Nicod Elena, Meregaglia Michela, Whittal Amanda, Upadhyaya Sheela, Facey Karen, Drummond Michael
Research Centre on Health and Social Care Management (CERGAS), SDA Bocconi School of Management, Via Sarfatti 10, 20136, Milan, Italy.
National Institute for Health and Care Excellence, London, UK.
Eur J Health Econ. 2022 Jun;23(4):645-669. doi: 10.1007/s10198-021-01387-w. Epub 2021 Oct 29.

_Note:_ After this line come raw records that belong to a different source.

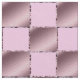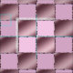 Esta bonita tela perfecta para una niñera o una niña pequeña tiene cuadrados rosa pastel y violeta que forman un tejido de tejido. Los cuadrados están delineados con una cinta seda rosa y púrpura.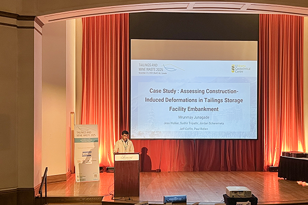 Mrunmay Junagade, a geotechnical engineer at Knight Piésold USA, presented “Case Study: Assessing Construction-Induced Deformations in Tailings Storage Facility Embankments” during Technical Session 2.3B. The paper, co-authored by Jess Walker, Sudhir Tripathi, Jordan Scheremeta, Jeffrey Coffin, and Paul Ridlen of Knight Piésold USA, describes a methodology that uses in-situ deformation data from inclinometers installed within two tailings dams to assess embankment performance through back-analysis using numerical modelling.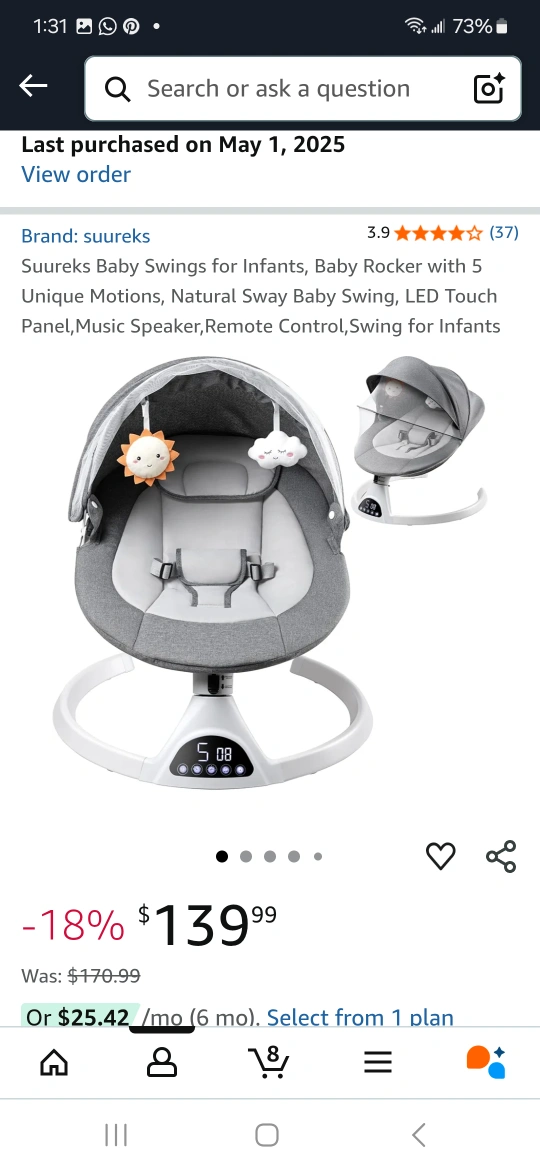 Selling a gently used baby swing in grey. It's in great condition and ready for a new home. Perfect for soothing your little one, 5 unique motions,LED touch panel,Music speaker, remote control, Bluetooth,also has a net so it can be used outdoors. No stains,we hardly used because it was purchased when my daughter was 3 months old. Retails for $158.19 on Amazon. Purchased May 1st 2025.

Challenges with patient-reported outcome (PRO) evidence and health state utility values (HSUVs) in rare diseases exist due to small, heterogeneous populations, lack of disease knowledge and early onset. To better incorporate quality of life (QoL) into Health Technology Assessment, a clearer understanding of these challenges is needed.
NICE appraisals of non-oncology treatments with an EMA orphan designation (n = 24), and corresponding appraisals in the Netherlands, France, and Germany were included. Document analysis of appraisal reports investigated how PROs/HSUVs influenced decision-making and was representative of QoL impact of condition and treatment.

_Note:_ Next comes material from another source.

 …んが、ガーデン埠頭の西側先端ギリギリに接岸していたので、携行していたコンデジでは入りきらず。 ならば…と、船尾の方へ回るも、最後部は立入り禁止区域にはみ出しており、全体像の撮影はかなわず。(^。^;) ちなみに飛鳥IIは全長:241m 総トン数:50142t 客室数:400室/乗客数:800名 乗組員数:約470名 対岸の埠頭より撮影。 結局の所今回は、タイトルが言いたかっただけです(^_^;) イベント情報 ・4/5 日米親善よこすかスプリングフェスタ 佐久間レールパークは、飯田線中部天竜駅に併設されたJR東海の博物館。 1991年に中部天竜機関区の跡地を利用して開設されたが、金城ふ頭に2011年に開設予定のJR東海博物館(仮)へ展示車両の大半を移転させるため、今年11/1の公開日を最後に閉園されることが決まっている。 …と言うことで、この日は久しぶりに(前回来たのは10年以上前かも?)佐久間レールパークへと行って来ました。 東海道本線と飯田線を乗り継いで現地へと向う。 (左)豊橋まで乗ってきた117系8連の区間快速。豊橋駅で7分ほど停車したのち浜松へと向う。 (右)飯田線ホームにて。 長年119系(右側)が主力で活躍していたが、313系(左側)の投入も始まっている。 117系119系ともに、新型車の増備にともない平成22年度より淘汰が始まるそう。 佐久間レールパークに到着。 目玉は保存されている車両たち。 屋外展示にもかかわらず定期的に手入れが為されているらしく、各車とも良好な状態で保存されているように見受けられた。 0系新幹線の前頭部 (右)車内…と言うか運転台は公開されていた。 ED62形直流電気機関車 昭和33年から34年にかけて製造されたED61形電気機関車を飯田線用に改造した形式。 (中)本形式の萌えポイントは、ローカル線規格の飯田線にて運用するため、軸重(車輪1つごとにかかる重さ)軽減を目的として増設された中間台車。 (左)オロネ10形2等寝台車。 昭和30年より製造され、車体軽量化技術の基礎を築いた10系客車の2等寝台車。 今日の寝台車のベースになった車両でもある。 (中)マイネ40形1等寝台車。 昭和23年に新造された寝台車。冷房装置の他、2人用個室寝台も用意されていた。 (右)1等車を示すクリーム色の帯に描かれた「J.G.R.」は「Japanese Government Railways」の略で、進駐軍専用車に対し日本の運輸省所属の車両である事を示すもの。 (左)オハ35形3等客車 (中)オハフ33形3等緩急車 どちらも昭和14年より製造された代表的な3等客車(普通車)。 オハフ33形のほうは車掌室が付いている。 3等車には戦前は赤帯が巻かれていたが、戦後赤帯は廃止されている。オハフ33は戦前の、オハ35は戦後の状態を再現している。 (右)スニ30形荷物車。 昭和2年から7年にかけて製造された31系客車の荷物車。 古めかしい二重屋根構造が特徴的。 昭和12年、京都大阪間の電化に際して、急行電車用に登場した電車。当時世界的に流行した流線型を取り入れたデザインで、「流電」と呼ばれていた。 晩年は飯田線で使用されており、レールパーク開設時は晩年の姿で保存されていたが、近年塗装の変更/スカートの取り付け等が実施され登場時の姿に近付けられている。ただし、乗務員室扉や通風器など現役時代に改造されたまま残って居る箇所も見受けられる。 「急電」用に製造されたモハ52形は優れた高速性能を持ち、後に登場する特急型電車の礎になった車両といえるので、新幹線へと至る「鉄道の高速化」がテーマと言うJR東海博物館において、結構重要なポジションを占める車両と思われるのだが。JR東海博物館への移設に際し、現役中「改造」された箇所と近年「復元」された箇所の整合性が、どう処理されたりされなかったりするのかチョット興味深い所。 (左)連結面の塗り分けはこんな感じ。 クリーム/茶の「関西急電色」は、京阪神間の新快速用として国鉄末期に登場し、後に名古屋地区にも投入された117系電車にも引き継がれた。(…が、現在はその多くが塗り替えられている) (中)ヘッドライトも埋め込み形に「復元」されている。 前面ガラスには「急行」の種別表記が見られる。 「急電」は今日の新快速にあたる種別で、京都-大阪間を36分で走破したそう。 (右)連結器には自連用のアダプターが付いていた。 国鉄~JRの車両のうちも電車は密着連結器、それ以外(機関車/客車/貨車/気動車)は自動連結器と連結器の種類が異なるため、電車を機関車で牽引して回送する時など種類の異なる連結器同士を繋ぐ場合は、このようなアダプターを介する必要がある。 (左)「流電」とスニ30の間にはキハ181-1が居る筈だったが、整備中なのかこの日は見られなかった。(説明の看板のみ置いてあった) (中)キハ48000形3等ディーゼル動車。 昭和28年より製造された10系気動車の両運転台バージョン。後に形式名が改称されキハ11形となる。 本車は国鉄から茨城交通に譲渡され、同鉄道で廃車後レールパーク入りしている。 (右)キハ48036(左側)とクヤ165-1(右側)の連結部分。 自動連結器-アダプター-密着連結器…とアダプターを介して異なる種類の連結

PRO evidence was not included in 6/24 NICE appraisals. When included, it either failed to demonstrate change, capture domains important for patients, or was uncertain. In the other countries, little information was reported and evidence largely did not demonstrate change. In NICE appraisals, HSUVs were derived through the collection of EQ-5D data (7/24 cases), mapping (6/24), vignettes (5/24), and published literature or other techniques (6/24). The majority did not use data collected alongside clinical trials. Few measures demonstrated significant change due to lack of sensitivity or face validity, short-term data, or implausible health states. In 8/24 NICE appraisals, patient surveys or input during appraisal committee meetings supported the interpretation of uncertainty or provided evidence about QoL.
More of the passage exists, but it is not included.